[Start of section]

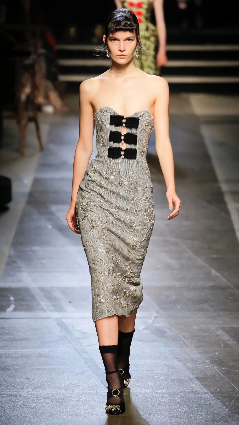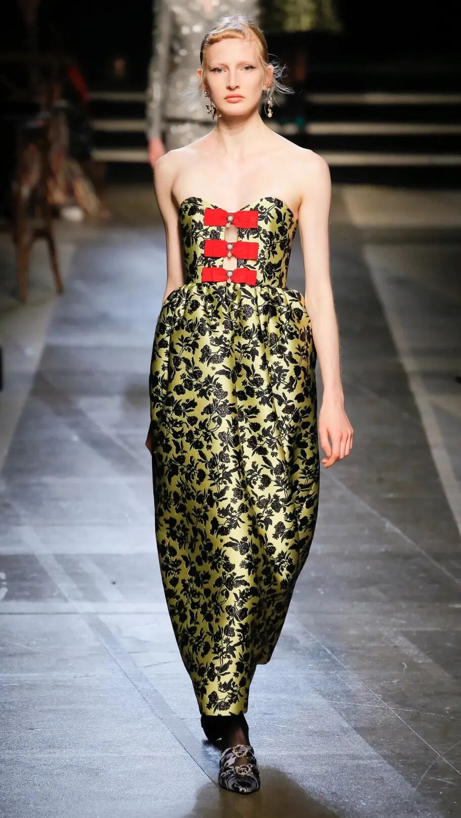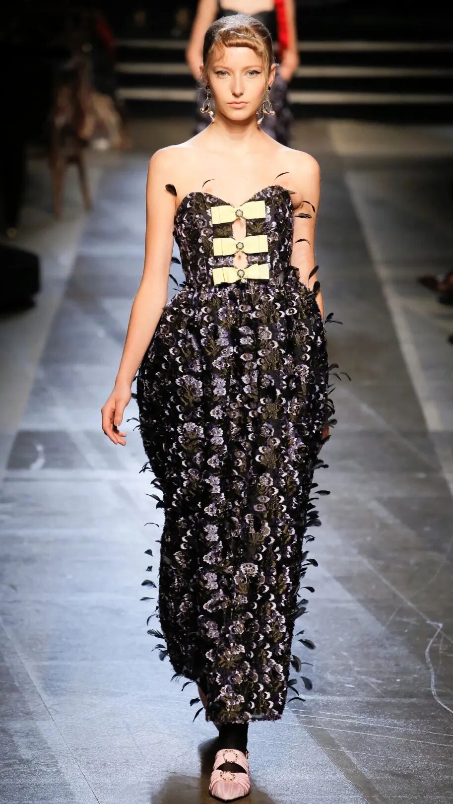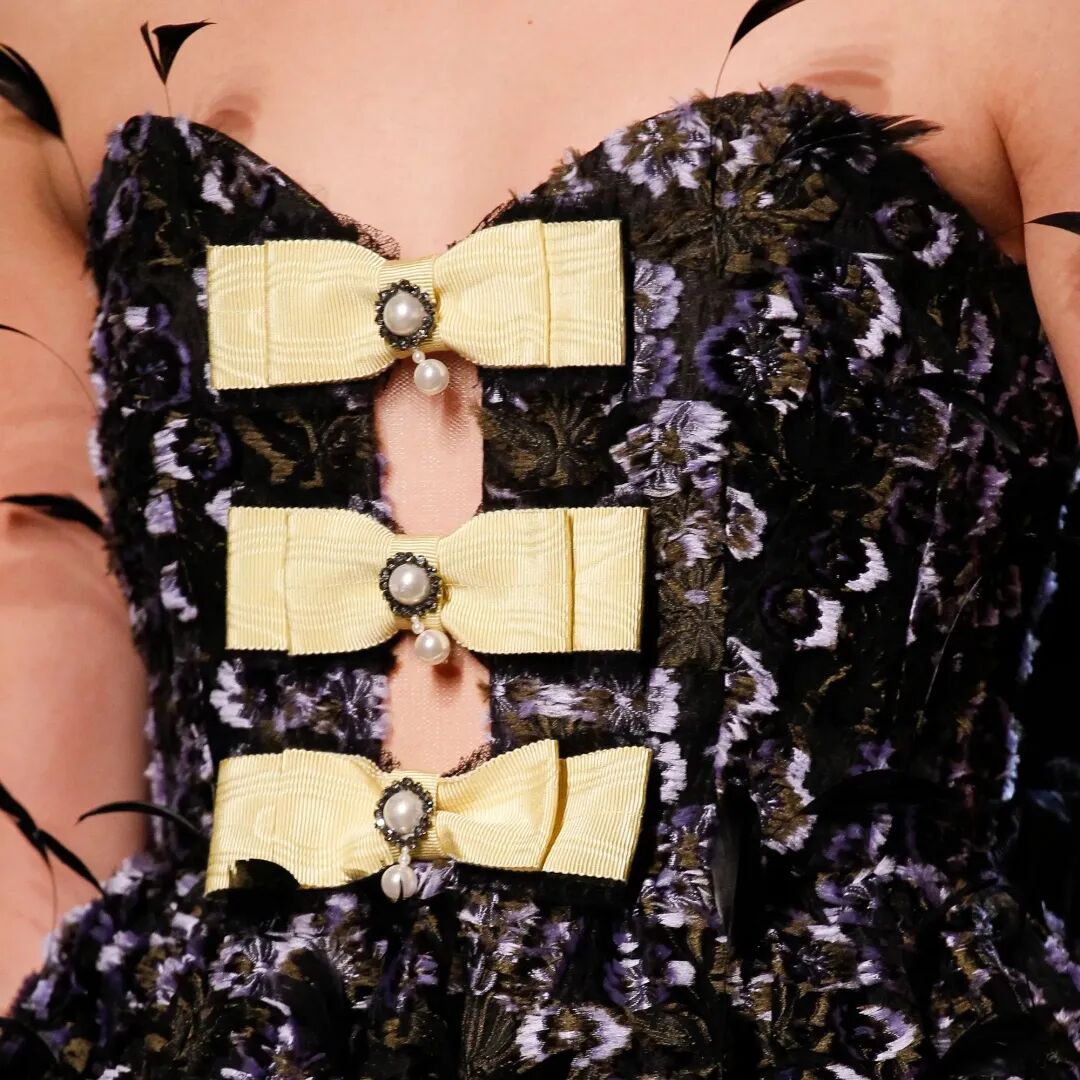 在那个年代,皇室偏爱将缎带结修饰在胸前。但Erdem Moralioglu做了更大胆的尝试,变得摩登且性感。
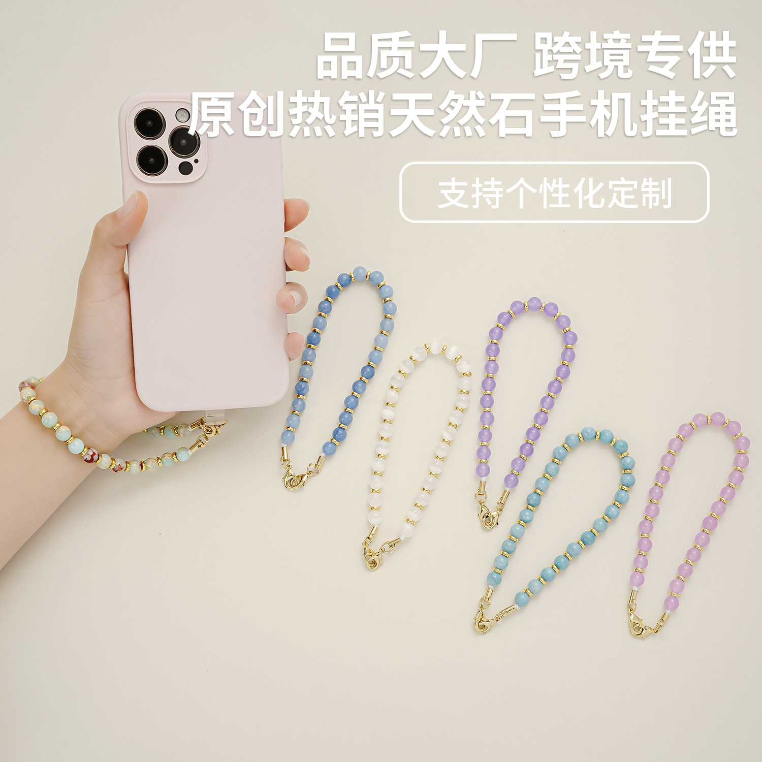 跨境热销天然石串珠手机链粉斑马黑曜石亚马逊石男女防丢失手链女
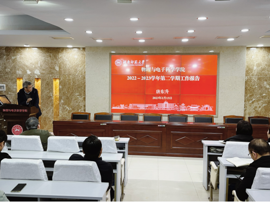 2月13日下午,学院在格物楼509报告厅召开2023年新学期教职工大会,总结2022年学院工作,并对新学期各项工作进行了全面部署安排。校纪委书记姚春梅教授,原副校长、低维量子结构与调控教育部重点实验室主任匡乐满教授出席会议,会议由副院长李友明主持。
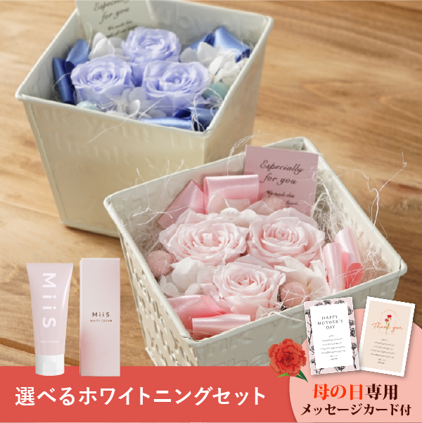そんな気持ちを形にする母の日に人気のお花と、ホワイトニングクリームのギフトセットです。おしゃれなオリジナルのメッセージカード付き。
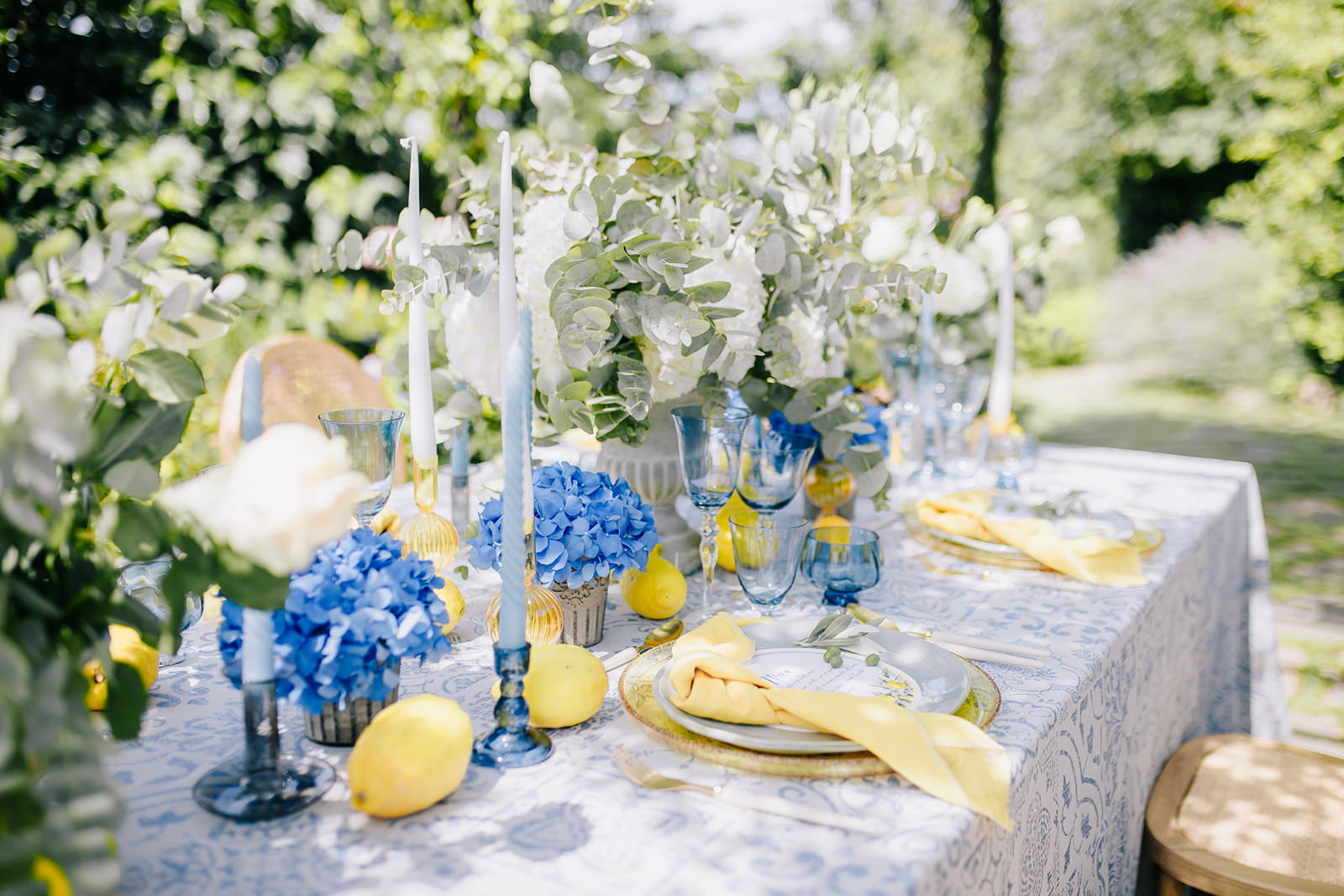 An Intimate Italian Wedding unfolds with an elegant outdoor table setting featuring blue hydrangeas, lemons, white flowers, glassware, candles, yellow napkins, and greenery on a patterned white tablecloth in a sunny garden.

[End of section]

Task prompt: Once the pictures are set aside, transcribe the remaining lines above exactly.

Response to this task:
 在那个年代,皇室偏爱将缎带结修饰在胸前。但Erdem Moralioglu做了更大胆的尝试,变得摩登且性感。
 跨境热销天然石串珠手机链粉斑马黑曜石亚马逊石男女防丢失手链女
 2月13日下午,学院在格物楼509报告厅召开2023年新学期教职工大会,总结2022年学院工作,并对新学期各项工作进行了全面部署安排。校纪委书记姚春梅教授,原副校长、低维量子结构与调控教育部重点实验室主任匡乐满教授出席会议,会议由副院长李友明主持。
そんな気持ちを形にする母の日に人気のお花と、ホワイトニングクリームのギフトセットです。おしゃれなオリジナルのメッセージカード付き。
 An Intimate Italian Wedding unfolds with an elegant outdoor table setting featuring blue hydrangeas, lemons, white flowers, glassware, candles, yellow napkins, and greenery on a patterned white tablecloth in a sunny garden.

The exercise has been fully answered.